Summary: Schedule an Azure Automation runbook to get Azure to work for you.
Honorary Scripting Guy, Sean Kearney, is here to show you the most importance piece of Azure Automation: the actual scheduling of runbooks to allow you to let Azure do all the automation for you! This is the final post in a five-part series. To catch up, read:
- Using Azure Automation: Part 1
- Using Azure Automation: Part 2
- Using Azure Automation: Part 3
- Using Azure Automation: Part 4
Yesterday, we finished our script to power down the virtual machines in Microsoft Azure, including sending some output to indicate the status of the shutdown.
If we go back into our runbook, things look a little different now. Instead of defaulting to the draft editing window, we are in the published runbook window as shown here:
Clicking Start will trigger the runbook just as if you were at a Windows PowerShell command prompt running a script.
You will see a status bar that indicates that the job is running. You can check the status of the job by selecting the View Job option on the status bar in Azure. Clicking this will open a status window that shows you the ongoing results of the job:
Drilling down further (near the bottom), we can view the Output. This window will show us any output that would normally echo to a Windows PowerShell console, including the data we specified with the Write-Output cmdlet.
If you look at the upper right of the screen, you'll see a History tab, which allows you to view a log of the working runbooks.
But now for the fun stuff...setting this as scheduled task. As shown here, to the right of Author, you'll see a tab marked Schedule. Click that to begin creating a schedule.
With a new Azure Automation instance, you'll have a blank schedule as you see in the following image. It has two simple options: Link to a New Schedule or Link to an Existing Schedule.
Click Link to a New Schedule to create a new schedule for your Azure Automation runbook.>>5
The first part will require a name and a description for the scheduled task. Again lets be sensible. Naming the scheduled task "Marvin the Paranoid Android" might be funny, but it won't make a lick of sense later (unless your description is really good—but even then, I wouldn't suggest that).
In the following example, we call this scheduled task EndOfDayShutdownTask:
If we click our friendly neighborhood checkmark to continue, we'll see that we have three basic scheduling options:
- One time: Do this once and only once.
- Hourly: Repeat on a scheduled hourly cycle (minimum every hour, but you can increase the gap).
- Daily: Repeat this on a scheduled daily cycle (minimum every day, but you can increase the gap).
With the daily and hourly choices, you can also provide a date that this should stop running.
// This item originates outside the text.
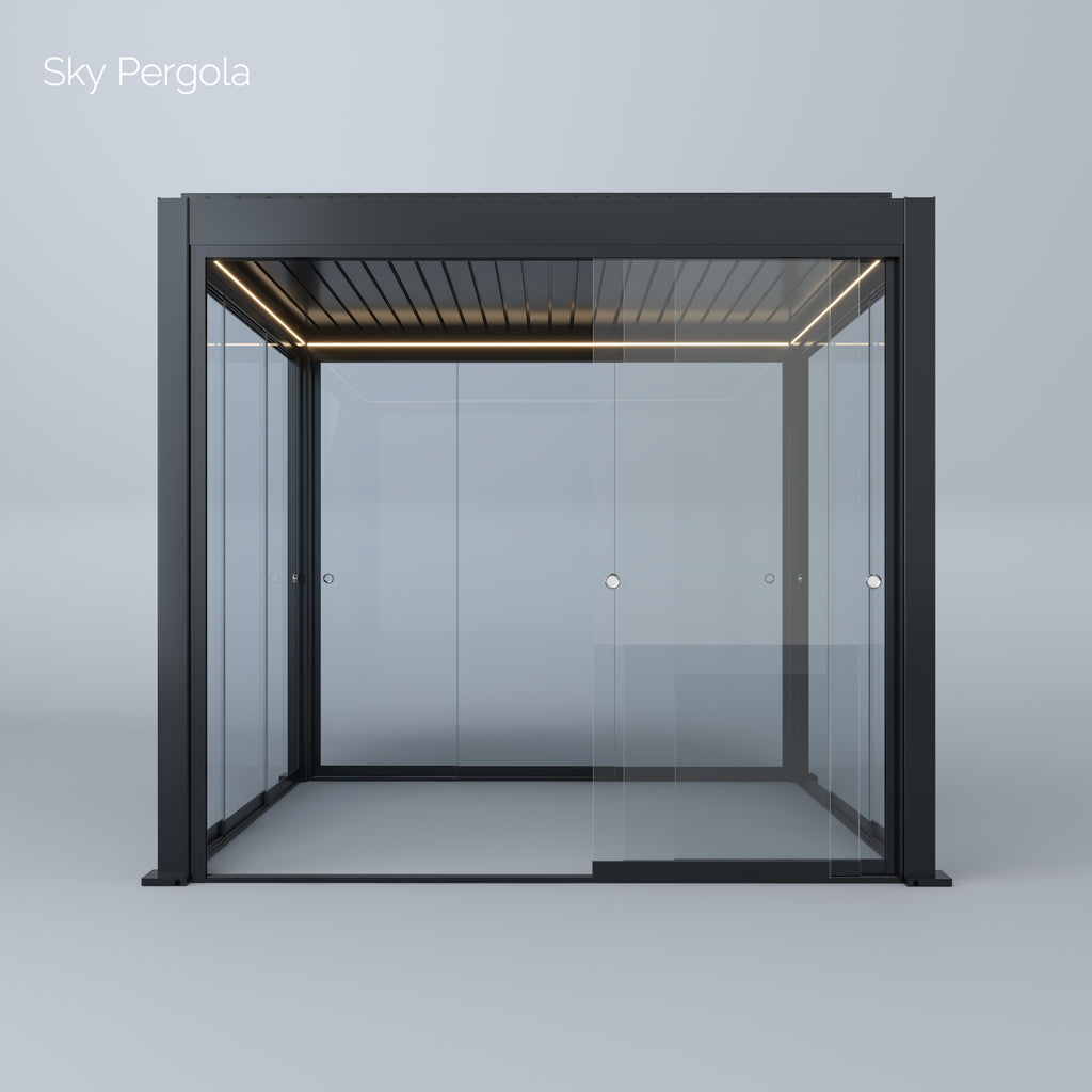 Vous pouvez ajouter différents accessoires pratiques à votre pergola Sky afin d'augmenter encore le confort et la fonctionnalité. Il s'agit notamment de parois à lamelles fixes ou coulissantes pour une protection latérale contre les regards et le vent, d'élégantes parois en verre pour une protection transparente contre les intempéries, ainsi que de stores latéraux qui peuvent être actionnés manuellement ou motorisés, selon vos souhaits. Des radiateurs infrarouges peuvent être installés pour obtenir des températures agréables même par temps frais, tandis que des ventilateurs assurent une meilleure circulation de l'air lors des chaudes journées d'été. De plus, il est possible d'intégrer un détecteur de pluie qui ferme automatiquement les lamelles lorsqu'il commence à pleuvoir. Votre pergola Sky devient ainsi un lieu de retraite à l'extérieur, utilisable toute l'année.

In our example, this task will occur every day (Saturdays and Sundays included) at 5 P.M.:
We'll click that lovely little checkmark at the bottom of the wizard. Our schedule is created, and we can see our runbook set up as an available job:
As shown here, you'll see three for options for your scheduled runbook. They are Link, View Details,and Unlink:
Link is the same wizard you previously saw on the screen. Unlink allows you to remove that runbook as a scheduled task.
Now here is where you can schedule a runbook the fun way. If you'd like to use Windows PowerShell to do exactly what we just did, you can! In the Azure module, there is a cmdlet called New-AzureAutomationSchedule. We could use it do define our daily schedule like so:
$StartTime=(GET-Date "17:00")
$AzureAutomationAccount='HSG-AzureAutomation'
$TaskName='EndOfDayShutdownTask'
$DailyFrequency=1
$Description='Daily Task to occur at 5pm EST to shut down my Azure VMs'
New-AzureAutomationSchedule –AutomationAccountName $AzureAutomationAccount –Name $TaskName –Starttime $StartTime –DailyInterval $DailyFrequency –Description $Description
There is, of course, far more that you can do. This series has given you a quick entry level introduction to Azure Automation. If nothing else, it's a great way to keep costs under control when people forget to shut things down at the end of the day!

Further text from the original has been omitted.